Take the lines from the one containing "抽纸口经过精心设计,开合顺滑" through the final line below and restate them exactly. Omit the pictures.

● INFORMATION PROVIDED
== Segment start ==

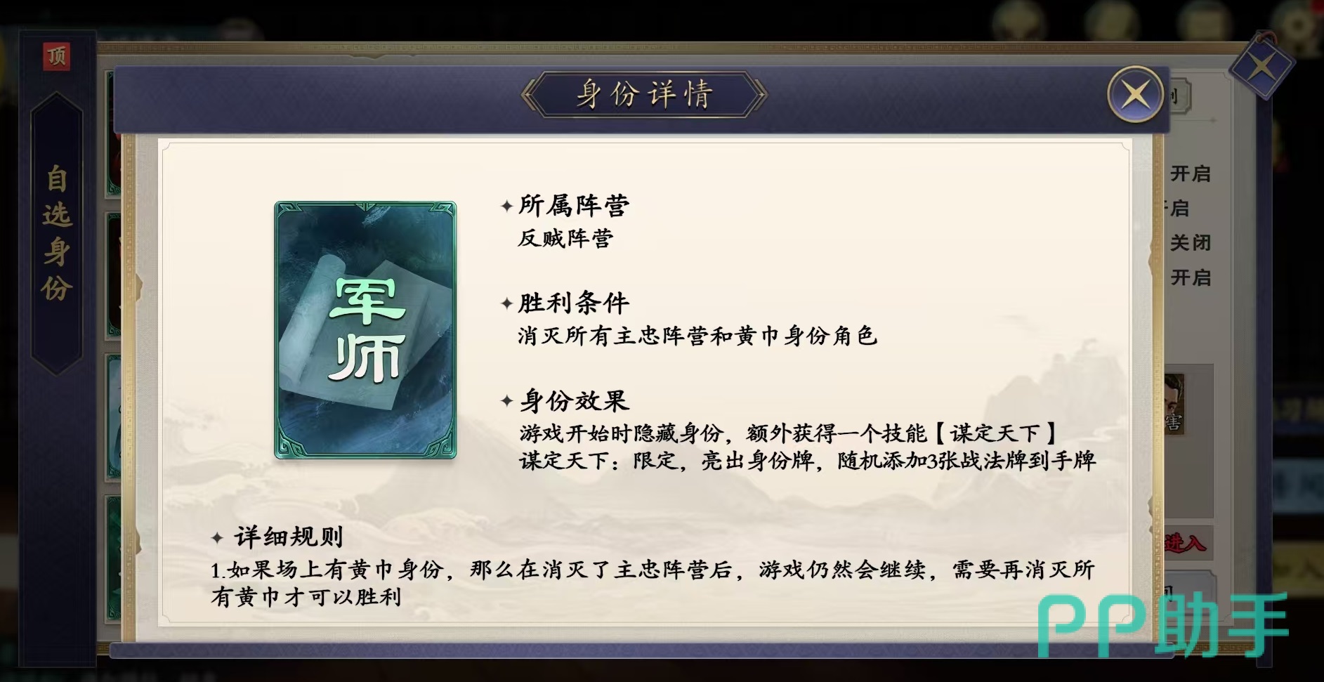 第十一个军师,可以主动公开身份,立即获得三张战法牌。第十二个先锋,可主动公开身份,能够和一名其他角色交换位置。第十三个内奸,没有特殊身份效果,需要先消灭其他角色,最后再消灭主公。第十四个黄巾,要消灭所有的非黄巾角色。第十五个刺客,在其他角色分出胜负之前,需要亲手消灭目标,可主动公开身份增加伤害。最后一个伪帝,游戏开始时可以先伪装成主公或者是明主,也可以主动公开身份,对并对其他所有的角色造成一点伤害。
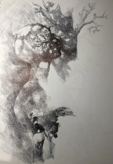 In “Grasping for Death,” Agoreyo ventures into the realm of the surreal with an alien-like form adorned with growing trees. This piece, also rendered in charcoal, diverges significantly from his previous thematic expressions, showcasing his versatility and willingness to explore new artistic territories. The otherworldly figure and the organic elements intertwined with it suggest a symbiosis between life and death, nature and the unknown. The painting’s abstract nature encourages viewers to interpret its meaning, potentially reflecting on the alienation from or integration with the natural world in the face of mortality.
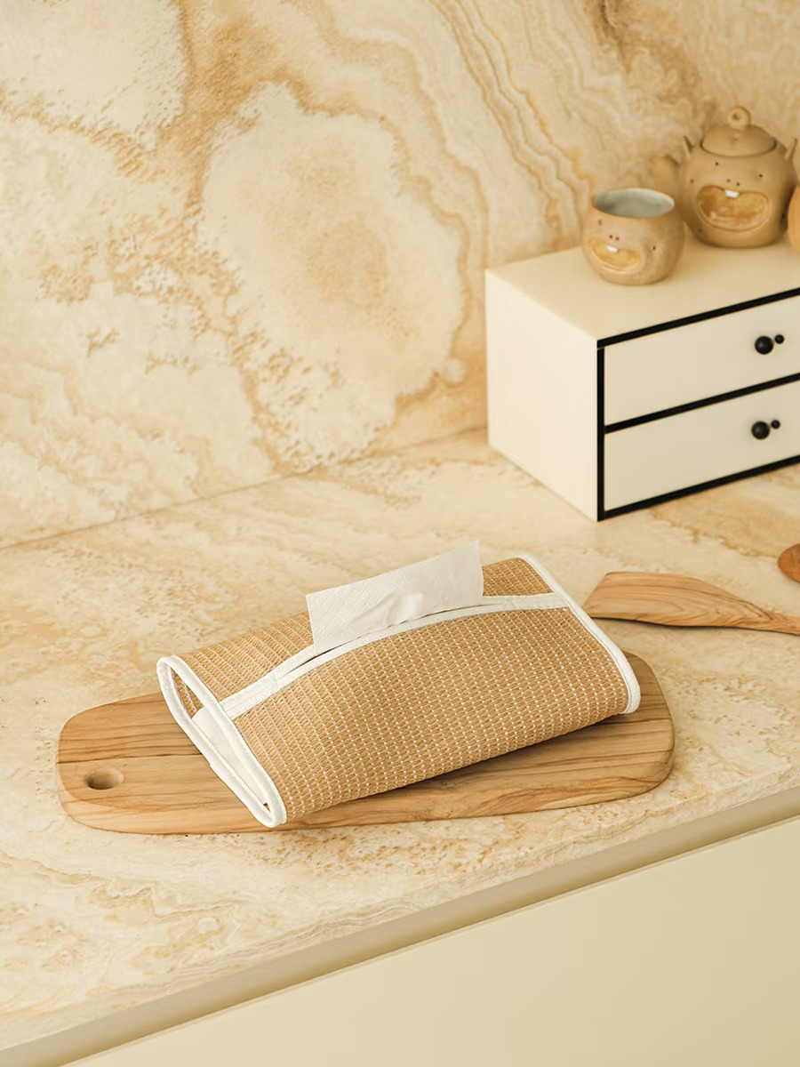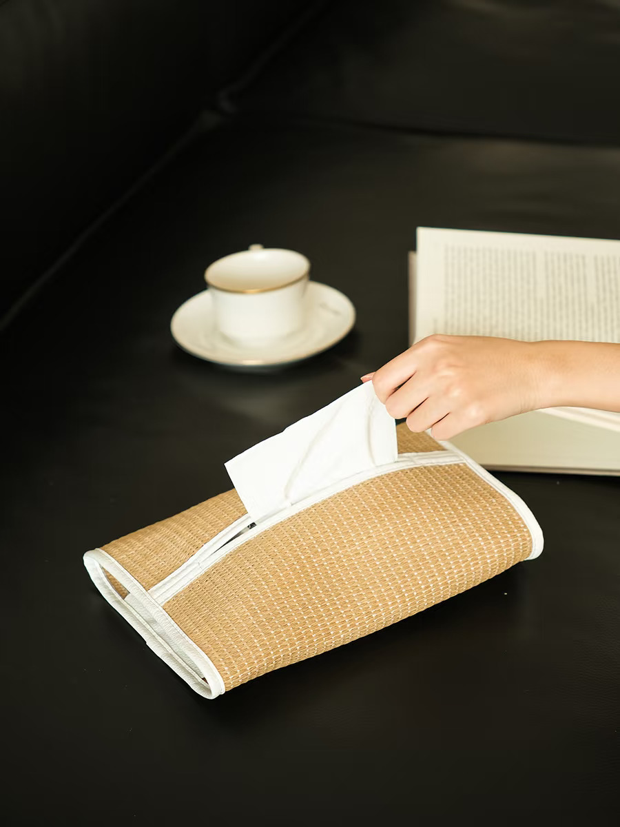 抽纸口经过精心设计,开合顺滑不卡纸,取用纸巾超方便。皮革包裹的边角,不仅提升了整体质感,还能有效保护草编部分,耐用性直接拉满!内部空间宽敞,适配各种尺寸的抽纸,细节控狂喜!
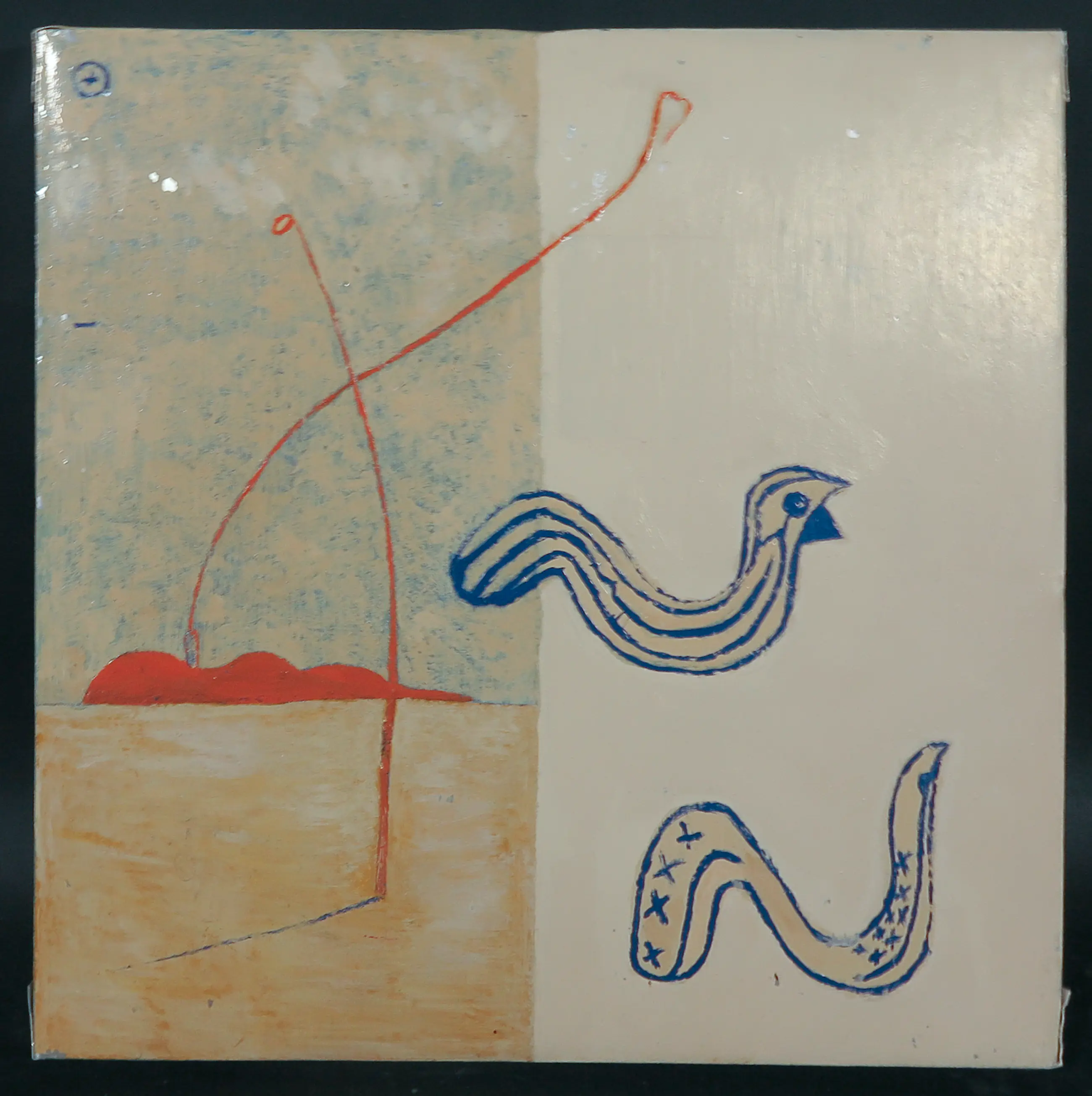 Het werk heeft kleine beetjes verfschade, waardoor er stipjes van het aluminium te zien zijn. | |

== Segment end ==

● ANSWER SPACE
 抽纸口经过精心设计,开合顺滑不卡纸,取用纸巾超方便。皮革包裹的边角,不仅提升了整体质感,还能有效保护草编部分,耐用性直接拉满!内部空间宽敞,适配各种尺寸的抽纸,细节控狂喜!
 Het werk heeft kleine beetjes verfschade, waardoor er stipjes van het aluminium te zien zijn. | |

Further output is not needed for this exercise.